What happens when you are faced with the reality of your faith?
You have a choice. To walk it out, scary as it may seem or to turn a deaf ear to prompting in your heart.
Today I’m facing such a dilemma… and yet what will I choose?
I’ve been in Chicago for a few days. I love this city. It is like a second home to me. Even on a work trip, I find the time to do the things I enjoy. I frequent my favorite restaurants, I run the lakeshore trails breathing in the beautiful skyline. I do touristy stuff like visit the Art Museum or Shedd’s Aquarium. And I’ve even taken a selfie under the Bean in Millenium Park. For me, it is a fun escape… even in the cold windy month of March.
Yet this time, I am faced with the issue of homelessness. I’ve seen it before, it’s part of big city life, but this time it is like a vice gripping and squeezing my heart. A man stopped me the other day asking me to buy him a sandwich, to which I refused because I was scared to interact with him as he was clearly intoxicated and I was alone.

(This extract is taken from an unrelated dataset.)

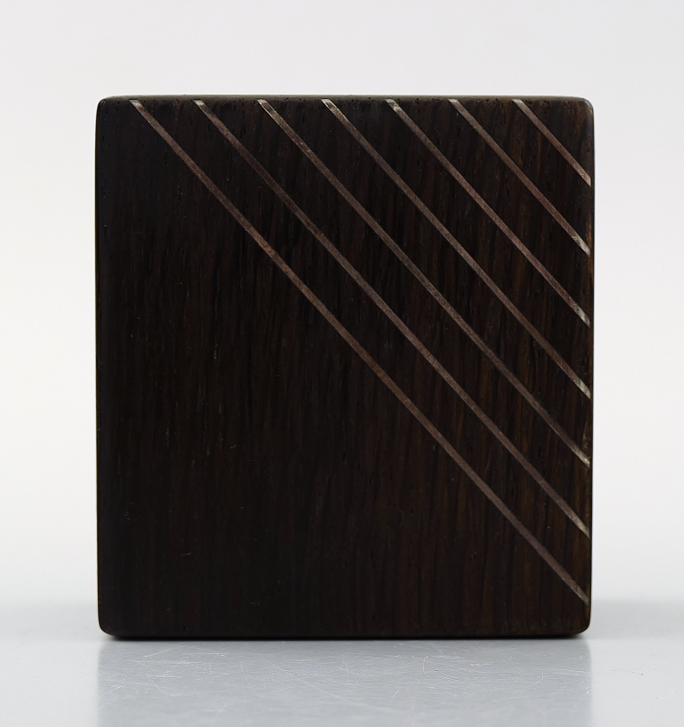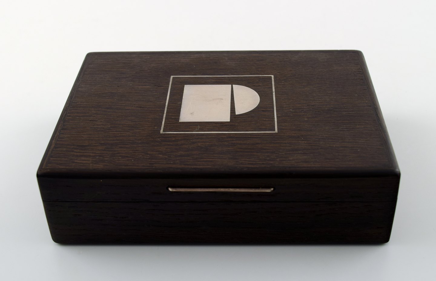 Dansk design, sæt på 6 dele palisander med sølvindlæg. Æske, holdere, notesblok mm. Danmark ca. 1960. I flot stand. Stemplet. Æsken måler 14,5 cm. x 10,5 cm. x 4 cm.

But what kills me, is that I spent $40 on my own dinner that night and didn’t think twice.
Yesterday, I walked right by a man sitting on the ground. His sign said he was hungry but again I did nothing. And today the image that I cannot escape is the one of his little dog wrapped up in a blanket next to him when I know my own precious dogs are sleeping in their pet beds, with full bellies in a warm, spacious and beautiful house.

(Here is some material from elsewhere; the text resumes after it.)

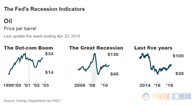 目前,因' OPEC实施减产协议,油价处于上升趋势。下图给出了三个时期的油价,分别是美国互联网泡沫时期、美国大衰退(2006年到2010年金融危机)时期以及过去5年的石油价格。从图中可以看出,2008年金融危机爆发前夕,油价曾一度触及130' 美元/桶的高位,此后油价回落,一度跌至30美元下方。而近期油价再次反弹,曾一度触及三年半新高。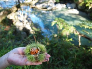 天候にも恵まれ魚の活性も上がってきた今日,午前中は14番から26番までの入・脱渓口の整備と今後の作業予定チェックリスト作りをしました。入渓口表示板の作り直し予定は数か所あり,脱渓口の目印の追加が多くの箇所で必要です。状況の思わしくない箇所から順次処理しようと考えています。24.5番New堰堤上の入渓口サポートロープは付け替えました。クライマーの友人に聞いたら「固定梯子は不安定で,危険性が増すので山では使わないよ」でした。小生としては梯子が欲しい箇所なんですが。25番二本杉の入渓口の看板が紛失していて場所がはっきりとはわかりませんでした。右側の杉の木の側のガードレールの端が入渓ポイントかなと思いますが確実な場所をご存じの方,お知らせ下さい。午後は律子さん(妻です)と大森神社まで散歩しました。途中,ご近所さんから 大きなカボチャを頂き,さっそく夕食はカボチャサラダで美味しく食しました。18番の近くで栗を拾い,一晩水に晒して,「明日は栗御飯」かな?。

What is the cost of genuine faith?
Right now for me, it is a $5 sandwich, but do I have the courage to give it away?
This is what Jesus said about those who care for God’s people...
‘Come, you who are blessed by my Father; take your inheritance, the kingdom prepared for you since the creation of the world. I was hungry and you gave me something to eat, I was thirsty and you gave me something to drink, I was a stranger and you invited me in, I needed clothes and you clothed me, I was sick and you looked after me, I was in prison and you came to visit me.’ (Matt. 25:34b-36).

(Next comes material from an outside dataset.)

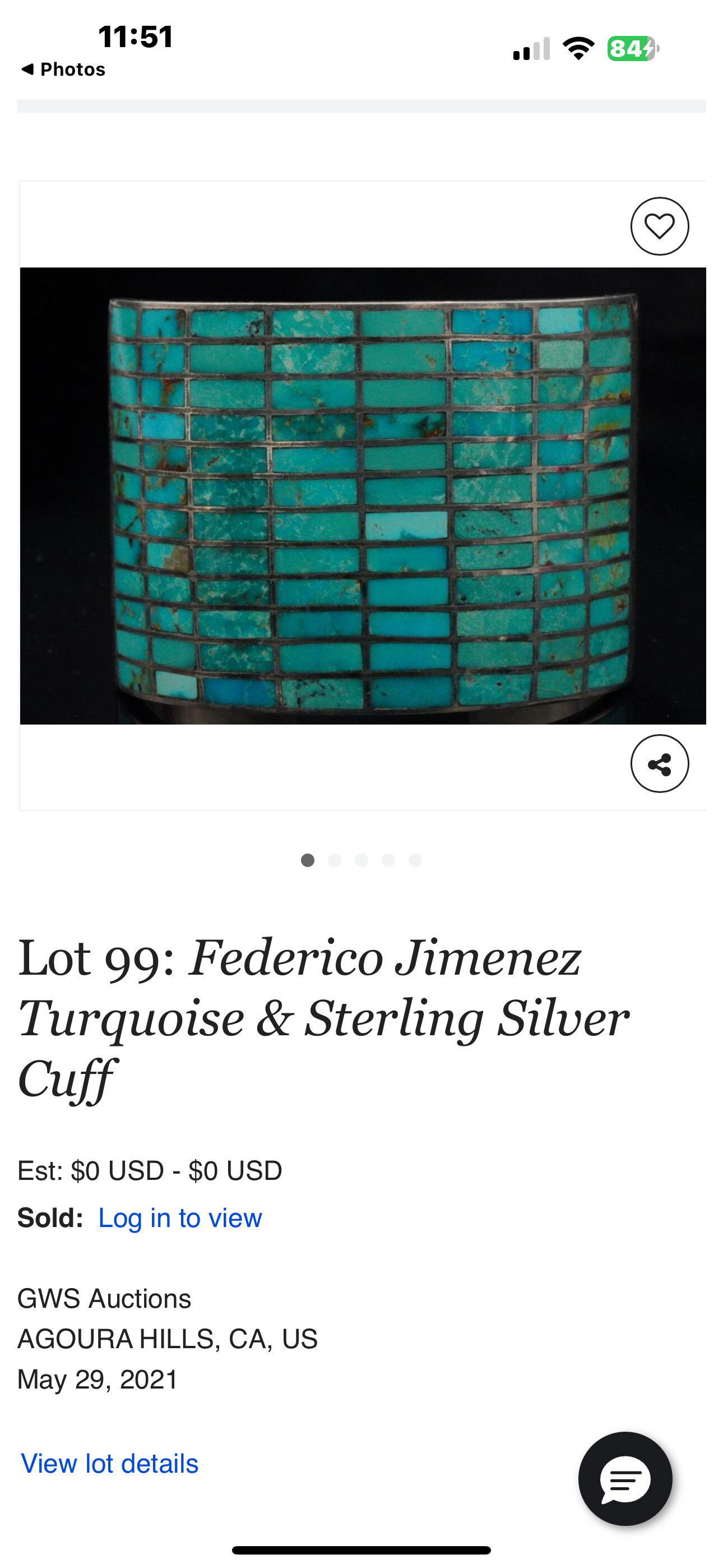 @nanc9354, I’m not really knowledgable about Jemenez jewelry, but I certainly appreciate his jewelry, especially this inlay cuff posted by @sjs. Your statement about the use of quality turquoise makes sense…In my opinion the turquoise in this cuff has that Blue Gemmish () look.

It’s my last morning in the city, I’m heading home this afternoon but I cannot escape the urgency of this call. And so I am off to buy a couple of sandwiches, praying that God will lead me to encounter someone who needs something to eat and a smile to share.
Where are you struggling with the reality of your faith?
‘Truly I tell you, whatever you did for one of the least of these brothers and sisters of mine, you did for me.’ (Matt 25:40).